*Activity:* Every record below needs to be written out exactly, apart from the pictures.
── Data
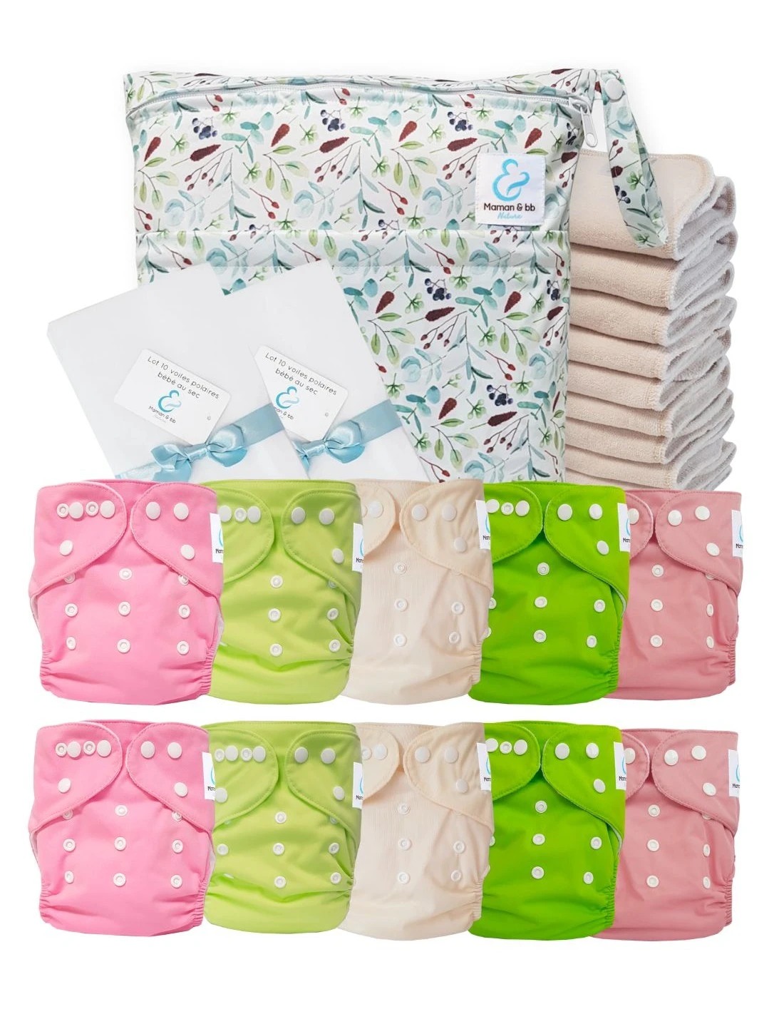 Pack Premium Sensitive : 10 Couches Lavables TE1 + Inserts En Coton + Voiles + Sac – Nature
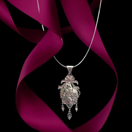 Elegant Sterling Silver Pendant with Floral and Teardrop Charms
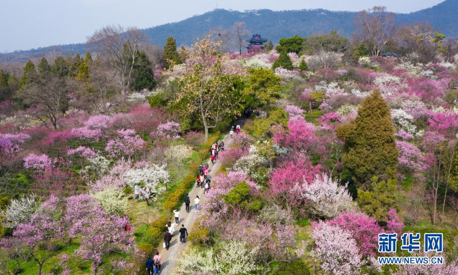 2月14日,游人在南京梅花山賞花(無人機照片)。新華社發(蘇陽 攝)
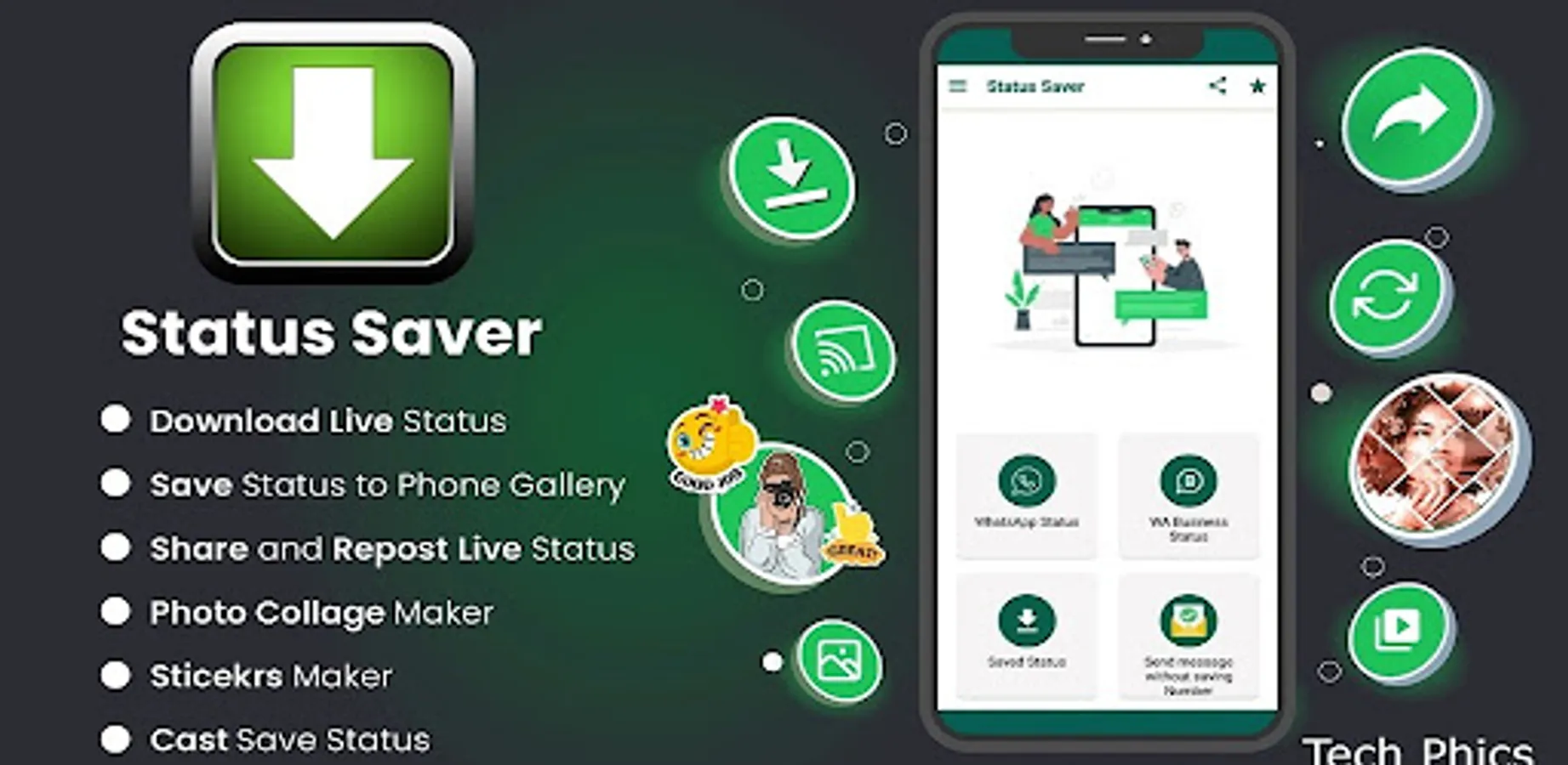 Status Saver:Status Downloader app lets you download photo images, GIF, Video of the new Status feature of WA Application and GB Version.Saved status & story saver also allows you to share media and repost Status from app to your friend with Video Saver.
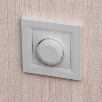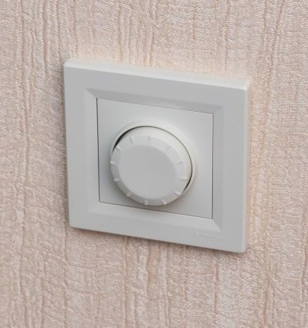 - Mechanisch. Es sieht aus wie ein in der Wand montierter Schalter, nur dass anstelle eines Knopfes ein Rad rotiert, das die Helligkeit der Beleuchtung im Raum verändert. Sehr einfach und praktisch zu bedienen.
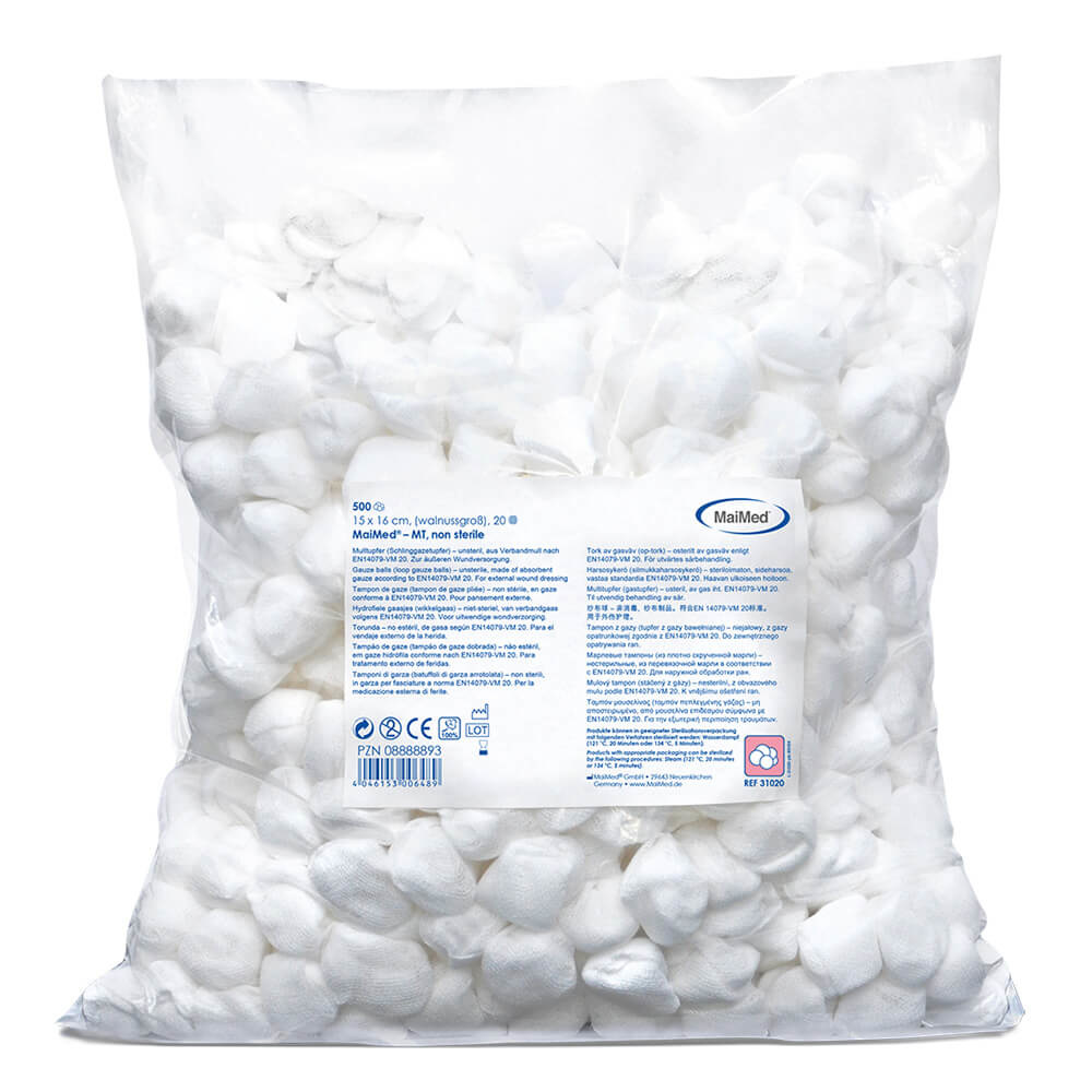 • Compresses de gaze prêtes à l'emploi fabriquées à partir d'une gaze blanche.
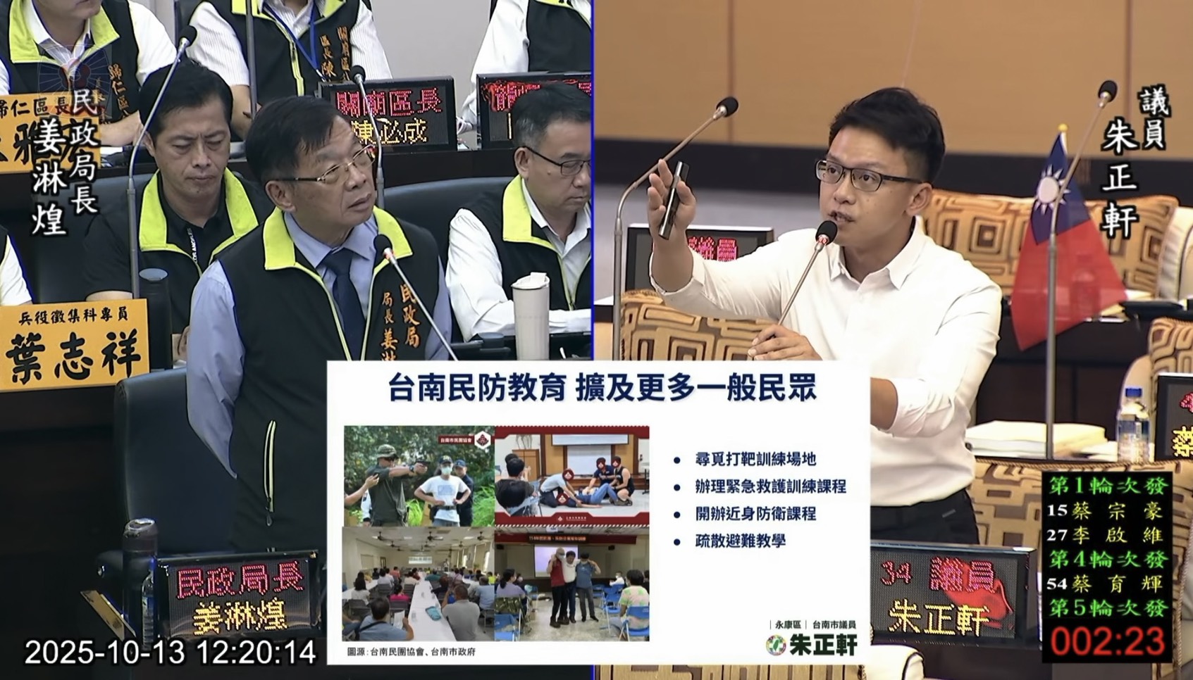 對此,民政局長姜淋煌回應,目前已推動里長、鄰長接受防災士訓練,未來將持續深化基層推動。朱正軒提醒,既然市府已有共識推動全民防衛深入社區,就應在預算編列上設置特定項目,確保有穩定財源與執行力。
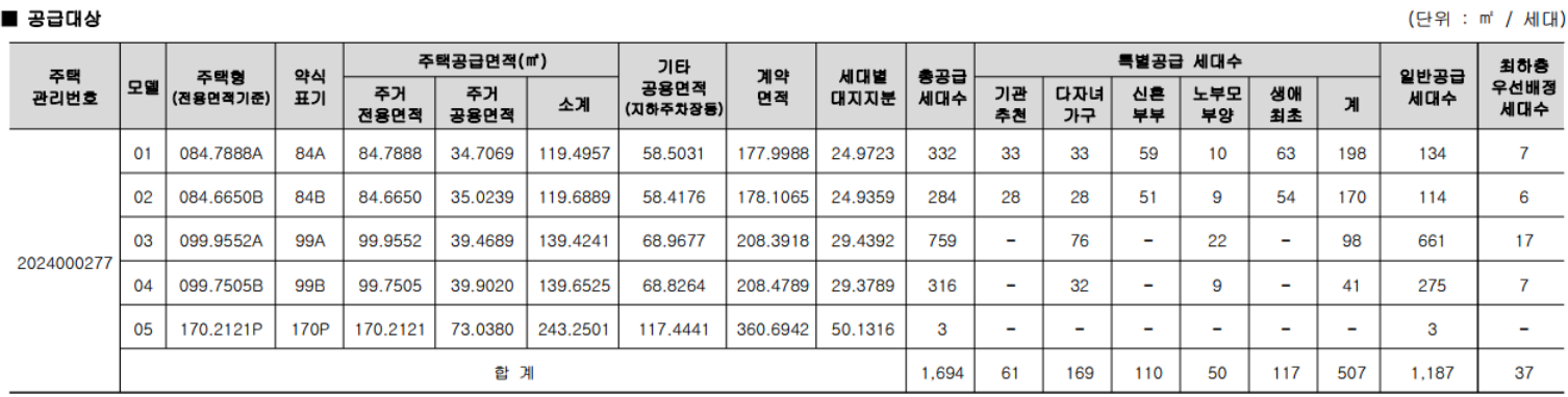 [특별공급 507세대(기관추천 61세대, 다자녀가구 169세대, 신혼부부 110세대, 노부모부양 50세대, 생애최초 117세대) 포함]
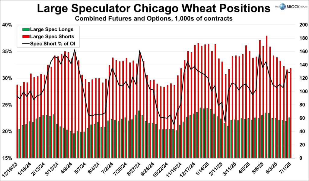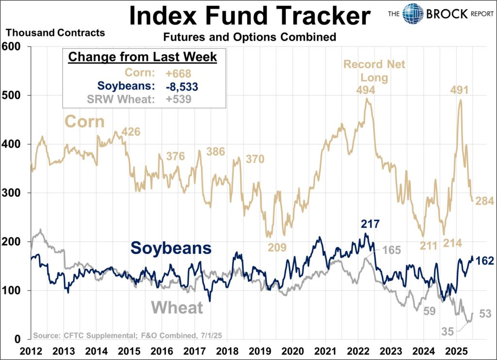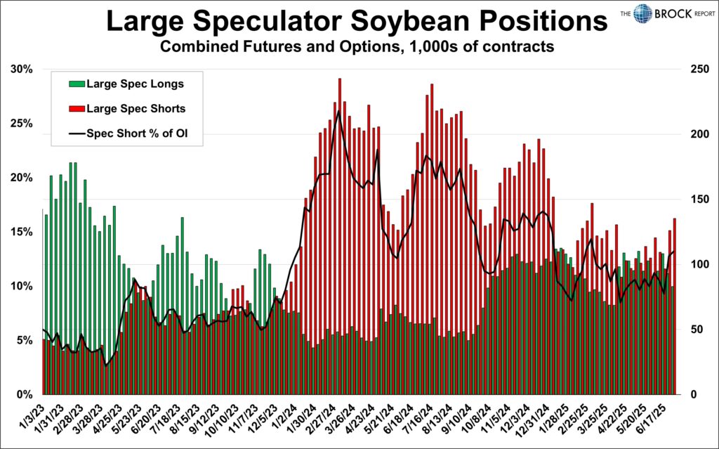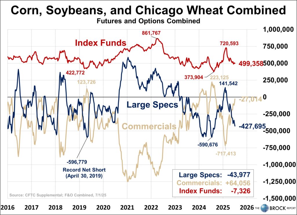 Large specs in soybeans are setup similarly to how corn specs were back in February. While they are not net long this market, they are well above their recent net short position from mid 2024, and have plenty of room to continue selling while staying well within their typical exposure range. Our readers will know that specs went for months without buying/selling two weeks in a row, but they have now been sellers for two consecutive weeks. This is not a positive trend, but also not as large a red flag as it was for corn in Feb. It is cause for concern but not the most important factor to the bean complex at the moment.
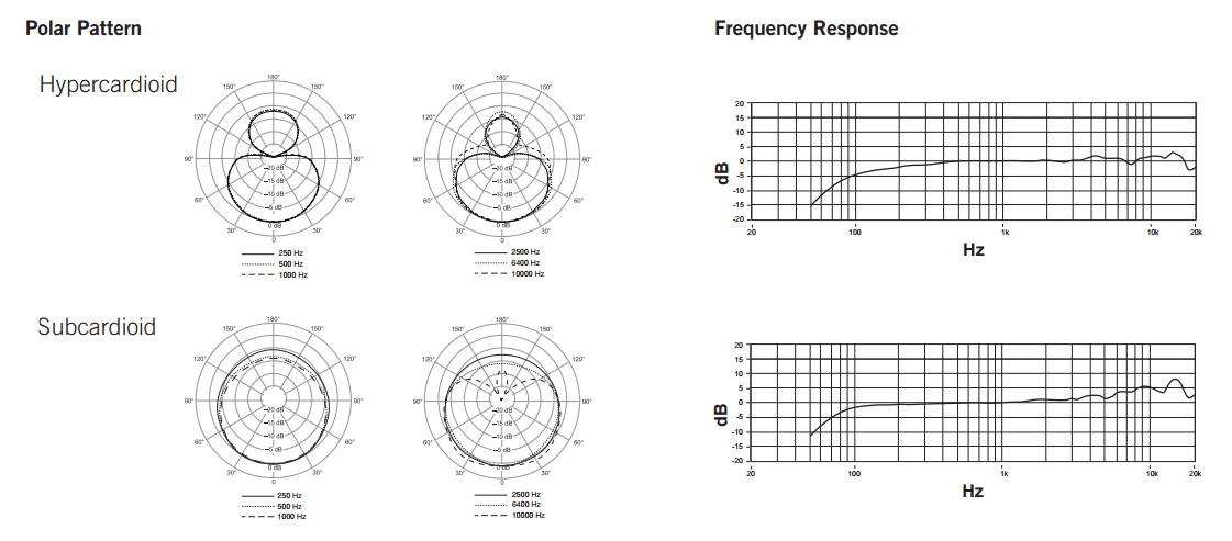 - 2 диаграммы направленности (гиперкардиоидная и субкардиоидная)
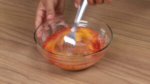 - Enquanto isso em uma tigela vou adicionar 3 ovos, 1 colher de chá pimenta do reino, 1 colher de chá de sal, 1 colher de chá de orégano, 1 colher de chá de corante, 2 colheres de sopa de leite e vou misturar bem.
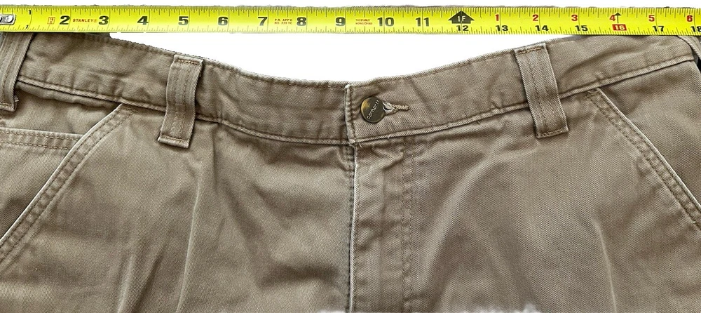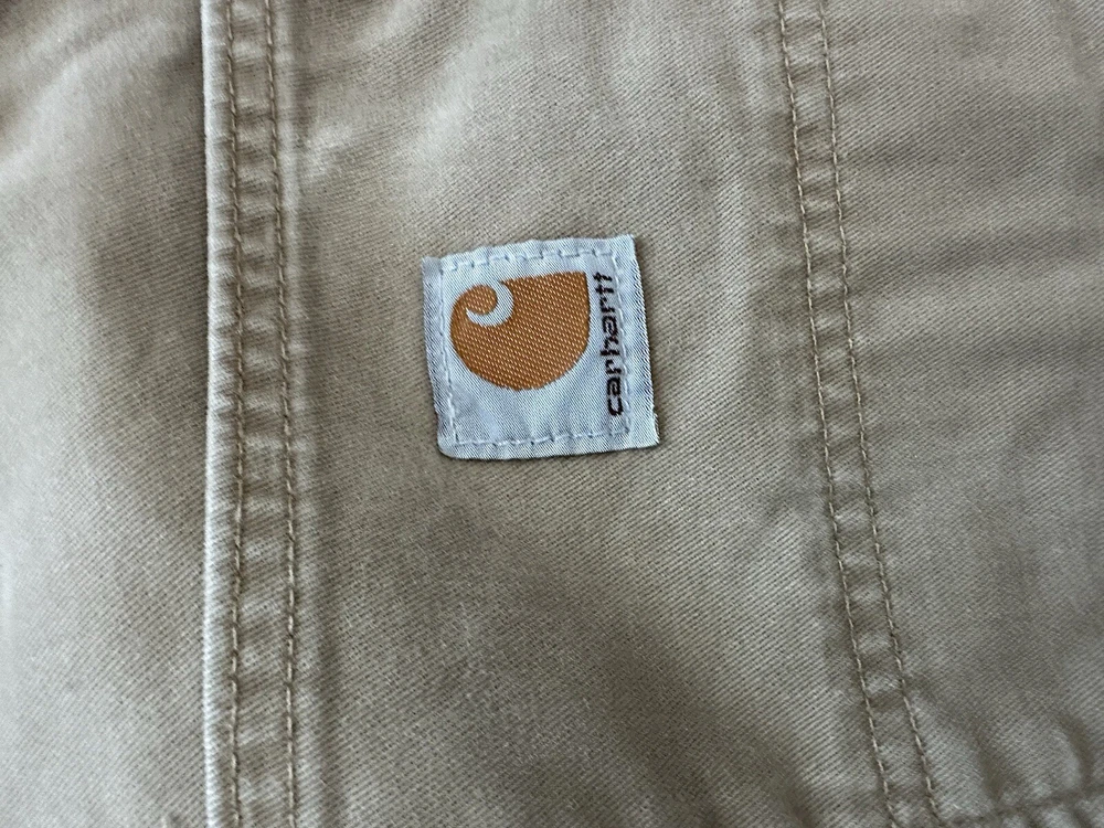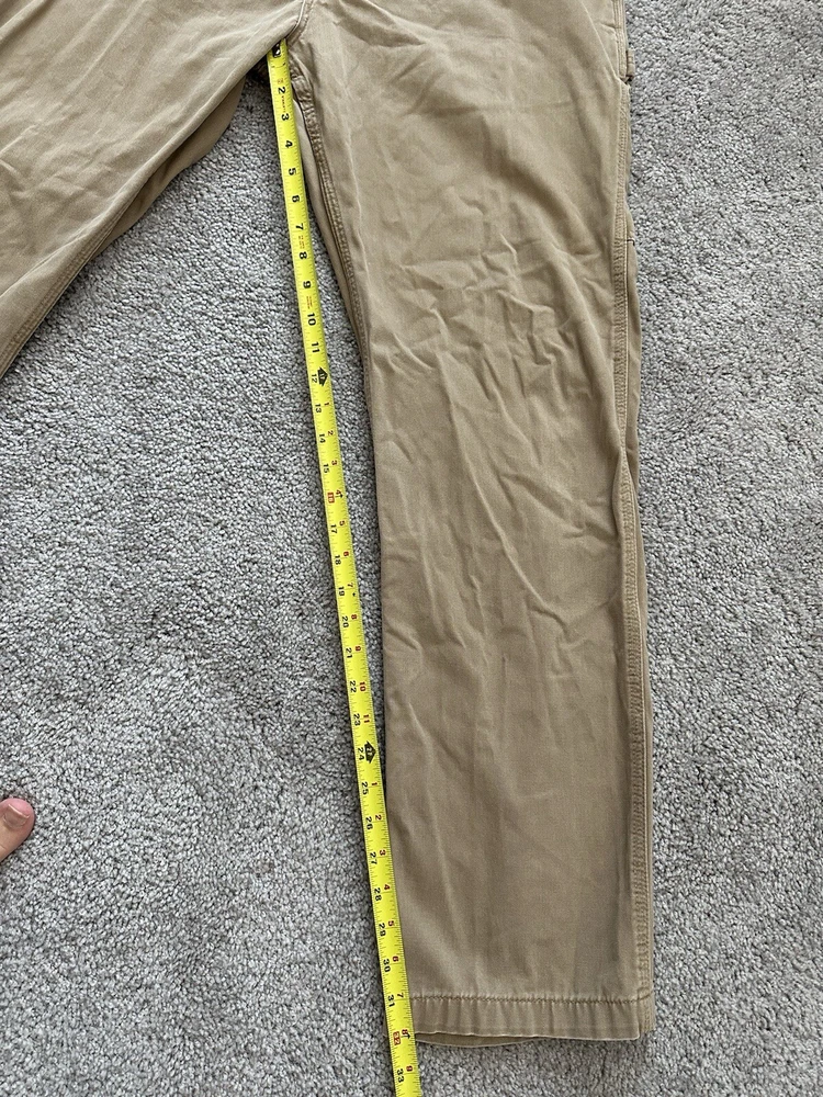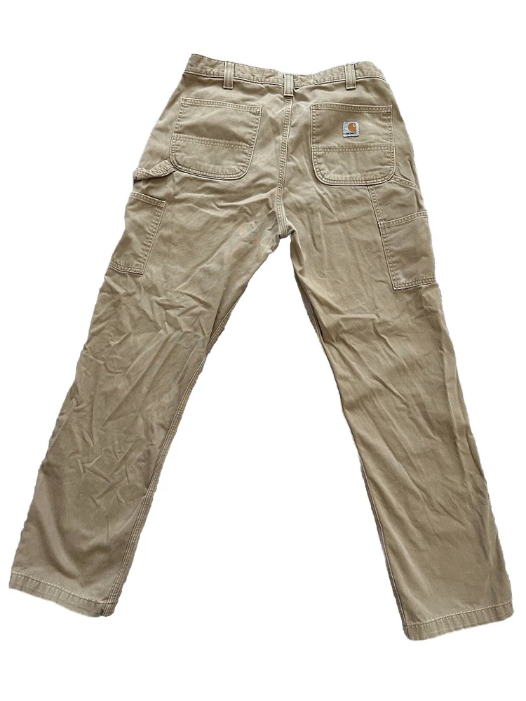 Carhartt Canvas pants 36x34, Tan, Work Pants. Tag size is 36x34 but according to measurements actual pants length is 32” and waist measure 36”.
────
*Written answer:*
 Pack Premium Sensitive : 10 Couches Lavables TE1 + Inserts En Coton + Voiles + Sac – Nature
 Elegant Sterling Silver Pendant with Floral and Teardrop Charms
 2月14日,游人在南京梅花山賞花(無人機照片)。新華社發(蘇陽 攝)
 Status Saver:Status Downloader app lets you download photo images, GIF, Video of the new Status feature of WA Application and GB Version.Saved status & story saver also allows you to share media and repost Status from app to your friend with Video Saver.
 - Mechanisch. Es sieht aus wie ein in der Wand montierter Schalter, nur dass anstelle eines Knopfes ein Rad rotiert, das die Helligkeit der Beleuchtung im Raum verändert. Sehr einfach und praktisch zu bedienen.
 • Compresses de gaze prêtes à l'emploi fabriquées à partir d'une gaze blanche.
 對此,民政局長姜淋煌回應,目前已推動里長、鄰長接受防災士訓練,未來將持續深化基層推動。朱正軒提醒,既然市府已有共識推動全民防衛深入社區,就應在預算編列上設置特定項目,確保有穩定財源與執行力。
 [특별공급 507세대(기관추천 61세대, 다자녀가구 169세대, 신혼부부 110세대, 노부모부양 50세대, 생애최초 117세대) 포함]
 Large specs in soybeans are setup similarly to how corn specs were back in February. While they are not net long this market, they are well above their recent net short position from mid 2024, and have plenty of room to continue selling while staying well within their typical exposure range. Our readers will know that specs went for months without buying/selling two weeks in a row, but they have now been sellers for two consecutive weeks. This is not a positive trend, but also not as large a red flag as it was for corn in Feb. It is cause for concern but not the most important factor to the bean complex at the moment.
 - 2 диаграммы направленности (гиперкардиоидная и субкардиоидная)
 - Enquanto isso em uma tigela vou adicionar 3 ovos, 1 colher de chá pimenta do reino, 1 colher de chá de sal, 1 colher de chá de orégano, 1 colher de chá de corante, 2 colheres de sopa de leite e vou misturar bem.
 Carhartt Canvas pants 36x34, Tan, Work Pants. Tag size is 36x34 but according to measurements actual pants length is 32” and waist measure 36”.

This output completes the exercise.